Grey, 274 Mont, at 214, 907 P.2d at 956.
The excuse given for not recording Cassell’s waiver of his Fifth Amendment rights is equally inadequate. In this case, his interrogators wanted to establish a rapport with him. However, that apparently having been accomplished, nothing prevented them from obtaining an acknowledgment from Cassell, once the recorder had been turned on, that he had been advised of his rights and had waived them. Certainly, that kind of acknowledgment could not have been *406any more disturbing to him than being asked during a tape recorded interview whether he committed deliberate homicide.
This is now the second case in which we have dealt with the issue of whether it is necessary to record Miranda warnings and Fifth Amendment waivers, where feasible. I would conclude, as the Minnesota Supreme Court did in State v. Scales (Minn. 1994), 518 N.W.2d 587, that following two such admonitions, further refusal to record custodial interrogations is unreasonable and should result in suppression of any incriminating statements made during those interrogations. In that case, after issuing two previous warnings, that Court stated that:
[W]e hold that all custodial interrogation including any information about rights, any waiver of those rights, and all questioning shall be electronically recorded where feasible and must be recorded when questioning occurs at a place of detention. If law enforcement officers fail to comply with this recording requirement, any statements the suspect makes in response to the interrogation may be suppressed at trial. The parameters of the exclusionary rule applied to evidence of statements obtained in violation of these requirements must be decided on a case-by-case basis. Following the approach recommended by the drafters of the Model Code of Pre-Arraignment Procedure, suppression will be required of any statements obtained in violation of the recording requirement if the violation is deemed “substantial.” This determination is to be made by the trial court after considering all relevant circumstances bearing on substantiality, including those set forth in § 1503(2) and (3) of the Model Code of Pre-Arraignment Procedure. If the court finds a violation not to be substantial, it shall set forth its reason for such finding. The rule and the remedy will apply prospectively from the date of the filing of this opinion.

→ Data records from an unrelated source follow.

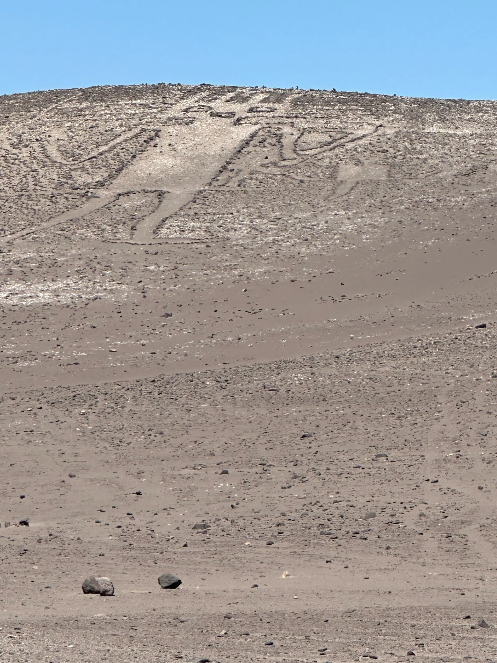 Next we drove out further into the desert to see The Atacama Giant or Gigante de Atacama or the Tarapaca Giant an anthropomorphic geoglyph. It is the largest geoglyph with a human representation in the world at 390 feet. It is considered an archaeological monument and cultural heritage of Chile. It is believed to be a shaman or deity or spiritual figure. Regardless, our uber driver had never seen and he hiked with us to the desert viewing spot. A very different kind of day!
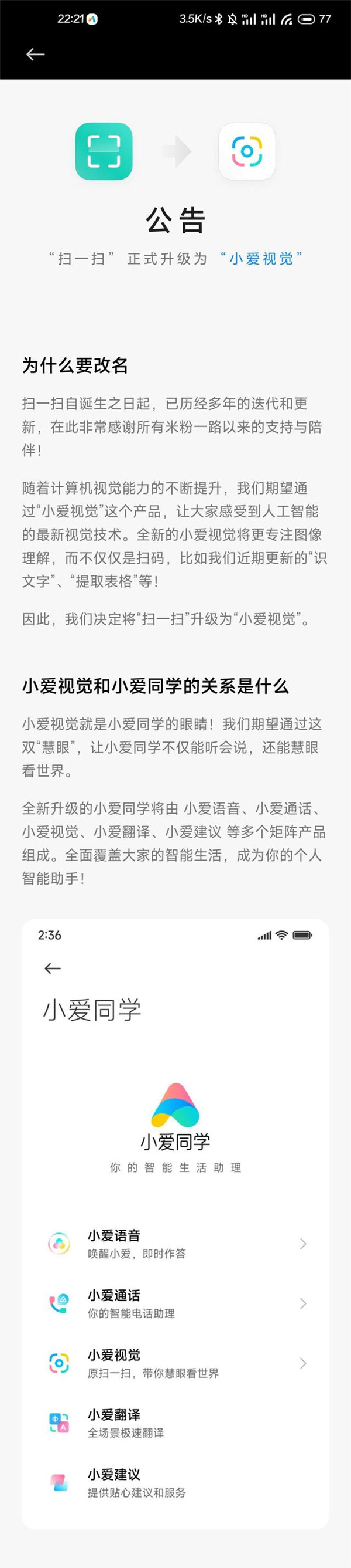 1. 今天将迎来里程碑的一刻,【扫一扫】将正式改名升级为【小爱视觉】,原来的扫码和识物功能也合并简化为扫一扫。版本号为 V15.0.0。
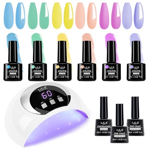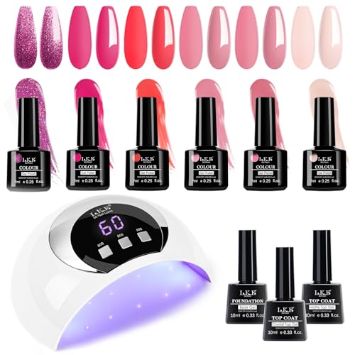 Gel Nail Kit LKE 6 Colors Gel Nail Polishes Set with 54W UV Lamp, Glossy & Matte Top and Base Coat,Pink Gray White with Lamp Starter Kit for Nail Art DIY at Home
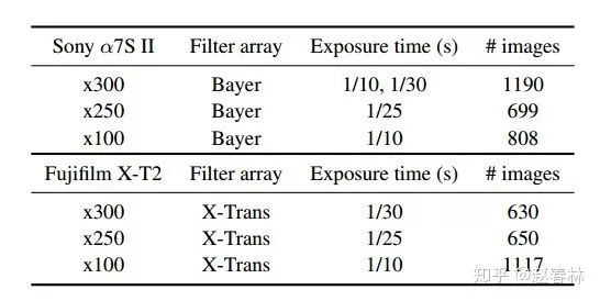 数据采集时,相机固定在三脚架上。我们用无反光镜相机来避免由于镜面拍打引起的振动。在每个场景中,相机设置 (如光圈,ISO,焦距和焦距) 进行了调整,以最大限度地提高参考图像(长曝光时间)的质量。此外,利用远程的智能手机 app 将曝光时间缩短一倍缩小后的曝光时间为100至300。该相机专门用于参考图像 (长曝光时间) 的拍摄,而没有触及短曝光的图像。我们收集了一系列短曝光的图像用于方法的比较和评估,以突出我们方法的优势。
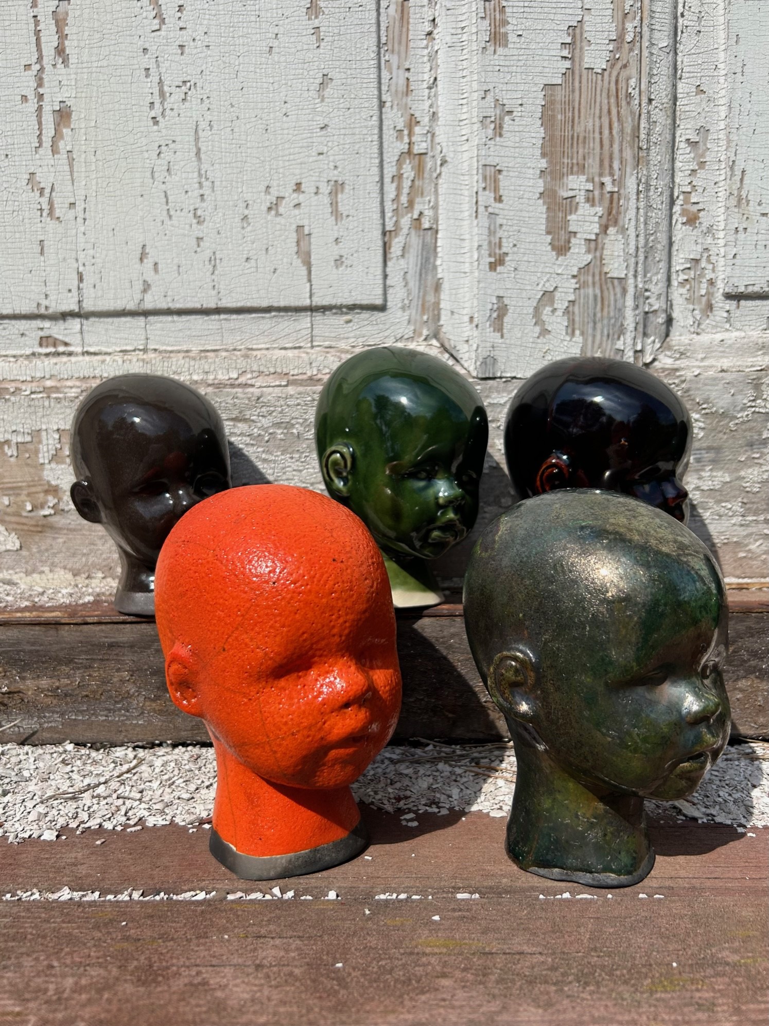 Varje Rakuföremål är unikt. Gjuten i en form och omsorgsfullt efterarbetad för hand. Rakubränningen gör att krackeleringar och färgskiftningar framkommer på naturens villkor. Inget huvud är det andra likt, det finns en speciell Rakudoll för dig!
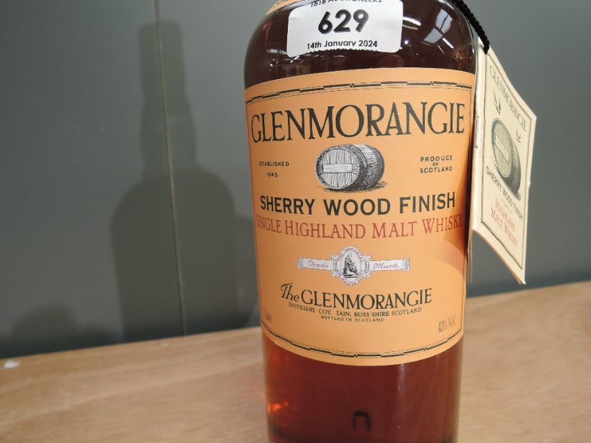 A bottle of 1990's/2000's Glenmorangie Sherry Wood Finish Single Highland Malt Scotch Whisky, Matured for at least 12 years in American oak prior to being finished in sherry Casks., 43% vol, 1 Litre, in original card tube with swing card label
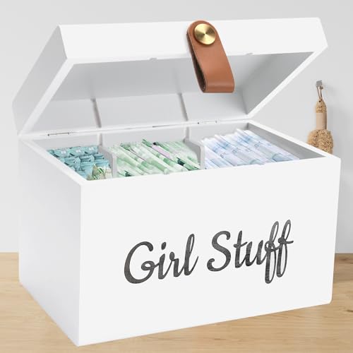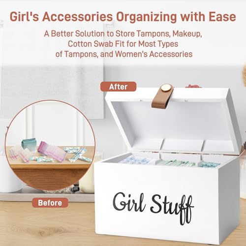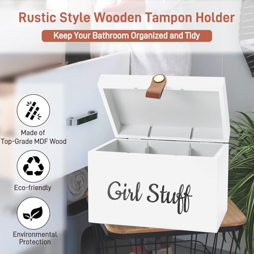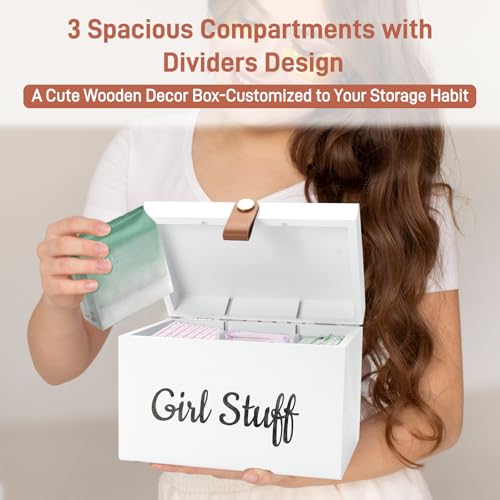【Wooden Girl Stuff Tampon Box with Lid for Bathroom】Keep your bathroom neat and organized with this stylish feminine product organizer. Featuring a spacious interior with 3 compartments, it effortlessly stores tampons, cotton swabs, cotton balls, hairpins, and more.
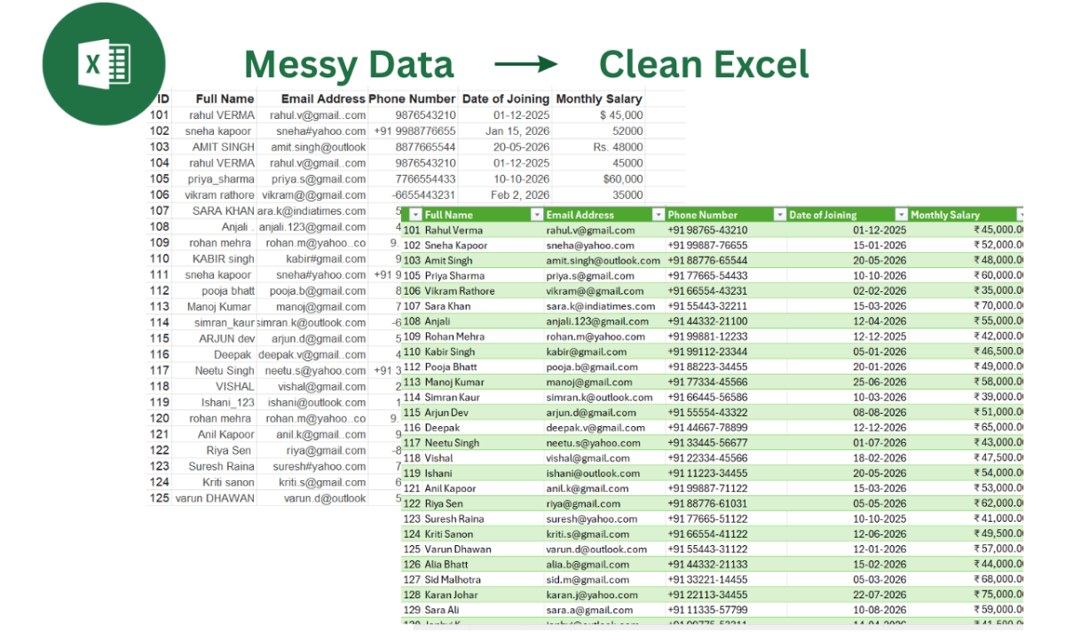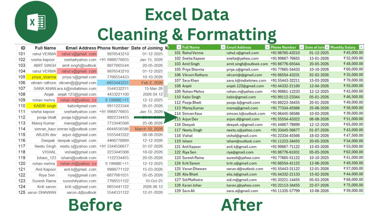 Many businesses and individuals struggle with Excel files that become difficult to manage over time. Incorrect data, duplicate rows, mixed date formats, and poorly formatted text can lead to confusion and wrong decisions. My goal is to help you organize your Excel data so it becomes reliable, readable, and ready to use.
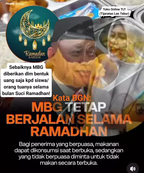 Ayo kritik rencana pembagian MBG saat siang Ramadhan di daerah mayoritas Muslim! Krn itu rawan disalahgunakan siswa-siswi nakal yg usia di atas 9 thn yg masih labil dlm berpuasa, itu sama aja seperti buka ruang bagi mreka utk tak puasa, pdhl seharusnya kita memotivasi generasi kita agar jadi pribadi yg lebih baik&mulia. Sy usulkan 2 solusi: ✓MBG dibagikan dlm bentuk uang aja kpd siswa-siswi/org tua. ✓Jam sekolah diundur ke jam 9/10pagi &pulang jam 3sore, MBG dibagikan sore utk buka Puasa #Viral
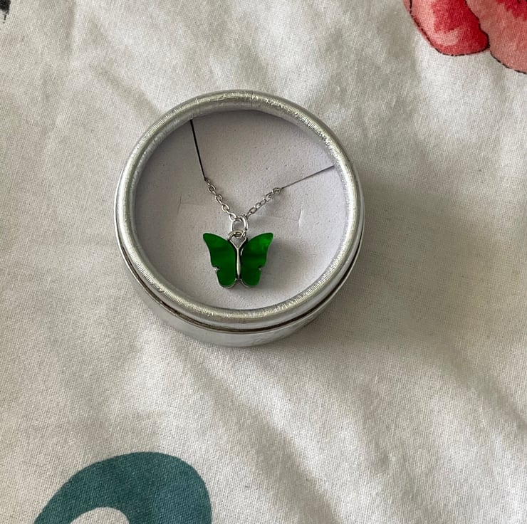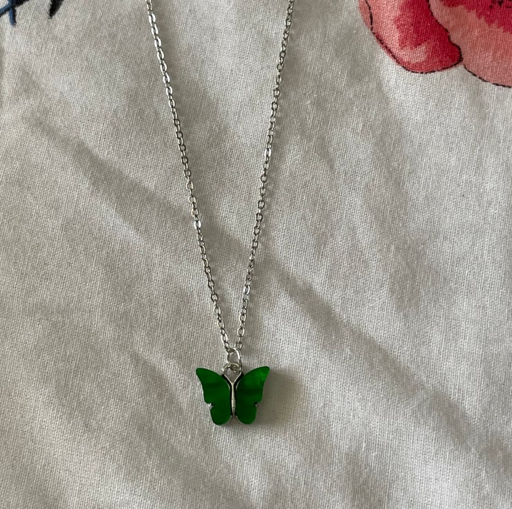 Gorgeous silver chain with a dainty bright green butterfly charm.

Scales, 518 N.W.2d at 592-93 (footnote omitted).
When the means is available, as it was in this case, there is no practical justification for the State’s failure to record a custodial interrogation. By its failure to do so, it jeopardizes the prosecution by risking suppression of incriminating statements which have been legally obtained. Just as importantly, it makes any determination that detainees have been illegally questioned virtually impossible. Neither outcome is acceptable when the means to avoid it is readily available.
Therefore, in the future, I will follow the rule from Scales and vote to suppress all criminal admissions made during custodial interroga*407tions when there is neither a written waiver of the detainee’s rights, nor an electronic record of the State’s advice and the detainee’s response, assuming it is feasible to do one or the other.
For these reasons, I specially concur with the majority opinion.
JUSTICE HUNT joins in the foregoing concurring opinion.